For I am Persuaded...

...In Romans Paul talks about how nothing can separate him from God's love.  Nothing.  And I don't think it's just that he was wishy washy, "well, I'm pretty sure that nothing can separate me from God's love, that is if He doesn't have one of His bad temper Sodom and Gomorrah days and I just happen to be the one who screwed the straw on the camel's back" type of belief.  Paul says he's persuaded.  He was convinced by God.  I don't think Paul was sitting around one day and poof, he came up with this brainstorm.  "What if I can't be separated from God's love!  This would be great!  Why didn't I think of this before!"  God somehow persuaded Paul that there is nothing at all that can take him away from the love of God.

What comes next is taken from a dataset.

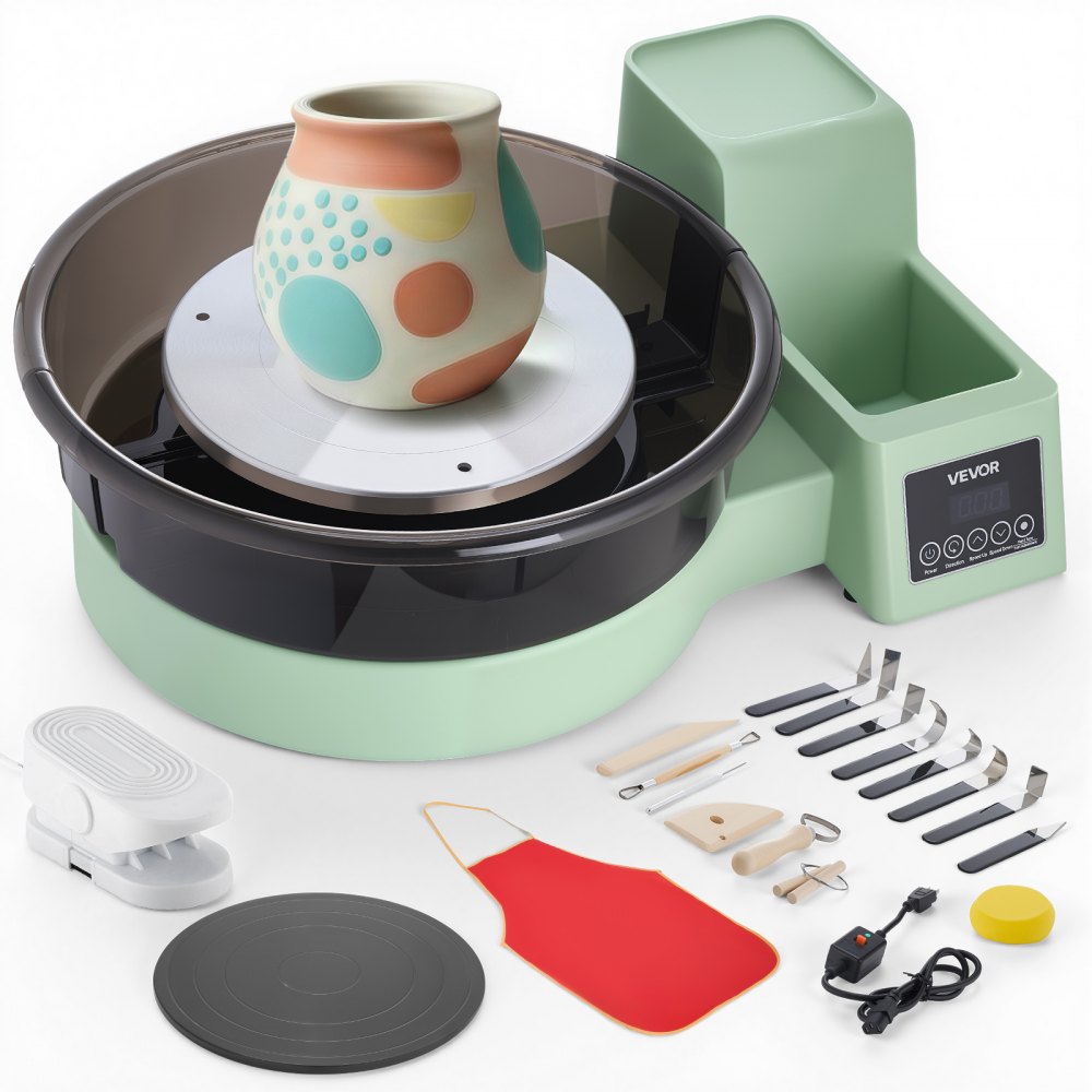 Koło garncarskie elektryczne VEVOR 450 W, talerz obrotowy 28/36 cm, maszyna garncarska z pedałem nożnym i regulowaną prędkością 30-300 obr./min oraz skrzynką narzędziową, idealne dla początkujących do samodzielnego tworzenia glinianych modeli, kolor zielony - Sprzęt do przygotowywania żywności | Galaxy Sklep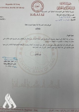 ئەمڕۆ هەینی (13/ تشرینی یەكەم/ 2023) ماڵپەڕی (واع) بڵاوی كردەوە، لەو راگەیێندراوەی بانكی ناوەندی هاتووە كە لەلایەن عەمار حەمەد خەلەف جێگری پارێزگاری بانكی ناوەندی ئاراستەی كۆمپانیاكانی دراوە كراوە، ئاماژە بەوە دەكات، وەك هەوڵێكی ئەو بانكە بۆ ئاسانكاری بۆ گەشتیاران بۆ بەدەستهێنانی دۆلار لە رێگەی كۆمپانیكانتانەوە و كردنەوەی نووسینگەكان لە فڕۆكەخانەكانی (بەغدا و بەسڕە و نەجەف و هەولێر.

That being said, how persuaded am I?  Whenever I do something I fear reprisal, or I turn and try to defend myself to God as if to say, "What now God?  Can you love me in spite of this.  I dare you to."  He can.  I think I take it as a right and not a gift.  I am one of His adopted sons, and therefore I deserve His love.  He said He'd give it, He can't take it away.  It goes along with the consistent pride I pin on my sleeve like a sergeant's stripes.  It should humble me.   I should understand that I don't warrant anything but hell, and the worst bits of it.  There's a song that says "Your kindness Lord, leads us to repentance."  When does it?  Am I so full of myself that I believe that I deserve God's notice in the first place, let alone His grace?  I wish it weren't so.